One of the central policy ideas of market-based education reform is to increase both the risk and rewards of the teaching profession. The basic idea is to offer teachers additional compensation (increased rewards), but, in exchange, make employment and pay more contingent upon performance by implementing merit pay and weakening job protections such as tenure and seniority (increased risk). This trade-off, according to advocates, will not only force out low performers by paying them less and making them easier to fire, but it will also attract a “different type” of candidate to teaching – high-achievers who thrive in a high-stakes, high-reward system.

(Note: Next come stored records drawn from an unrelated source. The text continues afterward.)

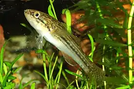 Верхняя часть тела и головы от шоколадно-коричневого до тёмно-серого, нижняя часть тела кремовая или серая. По бокам тела проходит 5—7 тёмных полос от задней части грудного плавника до основания хвостового плавника, различающихся по интенсивности. Плавники с каштановыми пятнами, первый спинной с 2 рядами, второй с 4—6 рядами; хвостовой плавник с 6—10 вертикальными рядами, образующими волнистые вертикальные полосы. Анальный, грудной и брюшной плавники желтовато-серого цвета, иногда со слабыми серыми или фиолетовыми полосами. В нерестовый сезон окраска становится более интенсивной, с зеленовато-золотым фоном по бокам, жёлтым в более светлых областях и небольшими фиолетовыми или пурпурными пятнами на большей части тела[1].
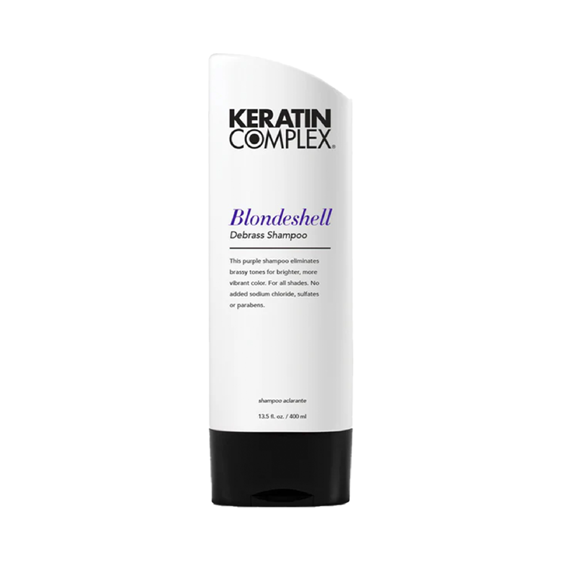 Keratin Complex Blondeshell Debrass Shampoo - Water/Aqua/Eau, Disodium Laureth Sulfosuccinate, Sodium Lauroyl Sarcosinate, Sodium Lauryl Sulfoacetate, Cocamidopropyl Hydroxysultaine, Dimethicone, Hydrolyzed Vegetable Protein PG-Propyl Silanetriol, Persea Gratissima (Avocado) Oil, Olea Europaea (Olive) Fruit Oil, Silk Amino Acids, Keratin Amino Acids, Hydrolyzed Keratin, Butylene Glycol, Sodium Lauroyl Lactylate, Glyocl Distearate, Panthenol, Amodimethicone, Cetrimonium Chloride, Trideceth-12, Cyclopentasiloxane, Dimethiconol, Divinyldimethicone/Dimethicone Copolymer, C12-13 Pareth-23, C12-13 Pareth-3, Polyquatermium-10, Sodium PCA, Quaternium-80, Poly-quaternium-7, Cinnamidopropyltrimonium Chloride, PEG-150 Pentaerythrytyl Tetrastearate, PEG-6 Caprylic/Capric Glycerides, Lavandula Angustifolia (Lavender) Extract, Chamomilla Recutita (Matricaria) Flower Extract, Camellia Sinensis Leaf Extract, Citric Acid, Phenoxyethanol, Caprylyl Glycol, Chorphenesin, CI 17200 (Acid Red 33), CI 60730 (Acid Violet 43), Linalool, Coumarin, Geraniol, Limonene, Fragrance/Parfum.
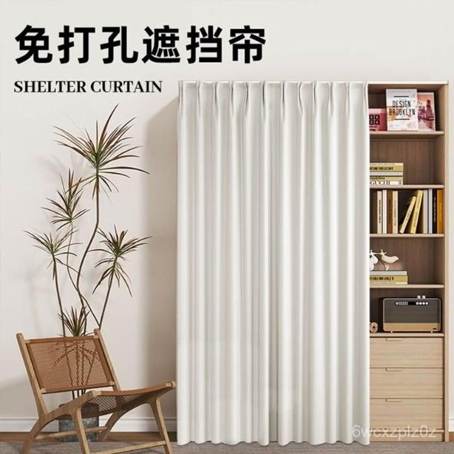 防塵 布簾訂製 窗簾軌道免打孔 櫃子遮擋簾滑軌 擋雜物簾遮醜簾門簾防塵書櫃簾鞋櫃簾子衣櫃櫃子遮擋衣帽間簾櫥櫃

As I’ve said before, I’m skeptical as to whether less risk-averse individuals necessarily make better teachers, as I haven’t seen any evidence that this is the case. I’m also not convinced that personnel policies are necessarily the most effective lever when it comes to “attracting talent,” and I’m concerned that the sheer size of the teaching profession makes doing so a unique challenge. That said, I’m certainly receptive to trying new compensation/employment structures, and the “higher risk, higher reward” idea, though unproven in education, is not without its potential if done correctly. After all, teacher pay continues to lose ground to that offered by other professions, and the penalty teachers pay increases the longer they remain in the profession. At the same time, there is certainly a case for attracting more and better candidates through higher pay, and nobody would disagree that accountability mechanisms such as evaluations and tenure procedures could use improvement in many places, even if we disagree sharply on the details of what should be done.

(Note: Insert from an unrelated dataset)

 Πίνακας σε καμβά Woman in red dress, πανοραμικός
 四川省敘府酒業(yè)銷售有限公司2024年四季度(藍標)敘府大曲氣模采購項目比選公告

There’s only one problem: States and districts all over the nation are increasing risk, but not rewards. In fact, in some places, risk is going up while compensation is being cut, sometimes due to the same legislation.

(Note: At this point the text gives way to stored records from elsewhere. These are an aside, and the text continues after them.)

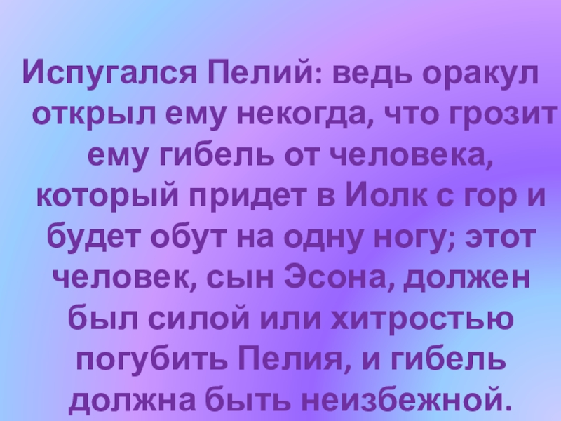от человека, который придет в Иолк с гор и будет обут на одну ногу; этот человек, сын Эсона, должен был силой или хитростью погубить Пелия, и гибель должна быть неизбежной.
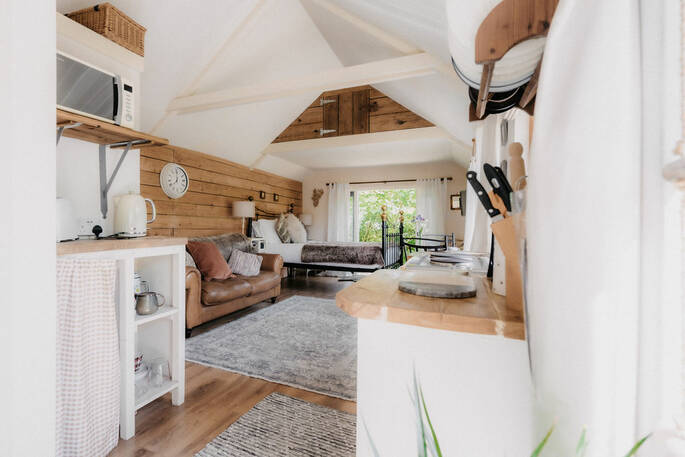Off the beaten track, down an even less beaten track, then through the woods and eventually you find this amazing cabin. It’s definitely not one for the low-riding sports car driver, but for anyone who wants a rural escape with a touch of luxury, it’s perfect. You’ll be strolling out onto the deck for breakfast, or firing up the BBQ and watching the stars come out in the night skies. It’s the sort of place where you ditch your shoes and stroll around barefoot, unwinding with every step. You’ll want for nothing at the completely en suite and self-sufficient cabin but, although you wouldn't know it, owners James and Alex are across the garden if you need local tips or have any questions.
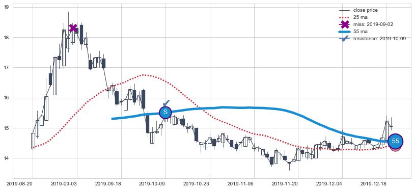 ➢ 最优均线组合共正确确认支撑阻力信号5处,正确确认率 83.33%
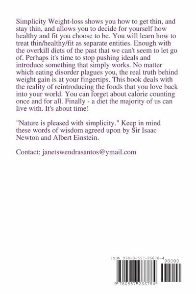 Most programs require you to eat their foods; take their supplements; eat this - don't eat that; count calories; don't eat after 8:00PM (even if you're up till 12:00); or require exercise that you'll never fit into your life. And, you still have cravings. Simplicity Weight-loss/A 21st Century Diet shows you how to get thin, and stay thin, and allows you to decide how healthy and fit you choose to be. In other words - you will learn how to treat thin/healthy/fit as separate entities. This small book will also introduce you to the real truth behind eating disorders. No recipes will be shared - only priceless knowledge.
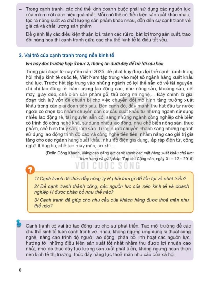 Cuốn sách còn lồng ghép nhiều tình huống thực tế, ví dụ về doanh nghiệp trẻ khởi nghiệp, hay cách người dân địa phương tổ chức sản xuất hàng hóa sạch. Thông qua đó, Kinh tế pháp luật 11 Kết nối tri thức Bài 2 giúp học sinh hình thành tư duy kinh tế sáng tạo, biết tôn trọng quy luật thị trường và phát triển bền vững.
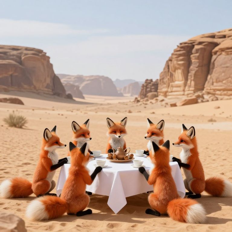 Six anthropomorphic foxes gather around a table draped in a pristine white cloth, enjoying a communal tea party in the midst of a vast desert landscape, surrounded by towering rock formations under a serene sky.
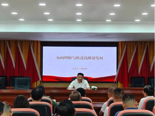 10月18日,雷州市政协主席何培烈以《如何理解和推进高质量发展》为题,为雷城街道办全体党员干部讲授专题党课。

For example, Ohio’s controversial legislation (Senate Bill 5) eliminates tenure for new hires and guts collective bargaining rights, while simultaneously rolling back pay increases and increasing health care contributions (effectively a pay cut) for teachers and other public employees. Ohio Governor John Kasich actually promoted the bill as a cost-cutting measure, with the savings coming from public employee compensation, including that of teachers. In other words, more uncertainty in exchange for nothing or even less, all in the same bill.

Similarly, recent legislation in Florida severely weakened teachers’ collective bargaining rights, eliminated tenure for all new hires and instituted merit pay throughout the state. There is still little idea of where the money for performance bonuses will come from, but it’s doubtful they’ll make up for the fact that Governor Rick Scott has already said he will be closing the state’s $3.6 billion shortfall in part by cutting teachers’ benefits. Making things worse, Florida teachers’ base salaries have remained largely flat for the past four years. Again, higher risk, lower reward.

But these are just two examples that have gotten national attention. Tenure, job security and collective bargaining rights have been axed or weakened in many other states. There is, of course, Wisconsin, where teachers’ and other public employees’ bargaining rights were severely limited, while health and pension benefit contributions were increased (again, by the same piece of legislation). Bargaining was largely eliminated in Indiana several years ago – one result was a pay freeze in 2009 and 2010, along with higher health insurance payments (again, this is effectively a pay cut). Similar bills have also passed recently in states like Tennessee and Michigan, and we are sure to see more states, such as New Jersey, try to do the same.

I don’t know if the “higher risk, higher reward” model is a good idea for teachers – as always, it will probably depend on the design and implementation of the policies. But I do know that eroding job protections and rights without additional compensation, and especially with pay decreases, is unlikely to have anything but harmful effects on both current teachers as well as the supply of applicants. The fact that some people are presenting these bills as mechanisms for improving teacher quality suggests that they themselves may not completely understand the risks and rewards involved.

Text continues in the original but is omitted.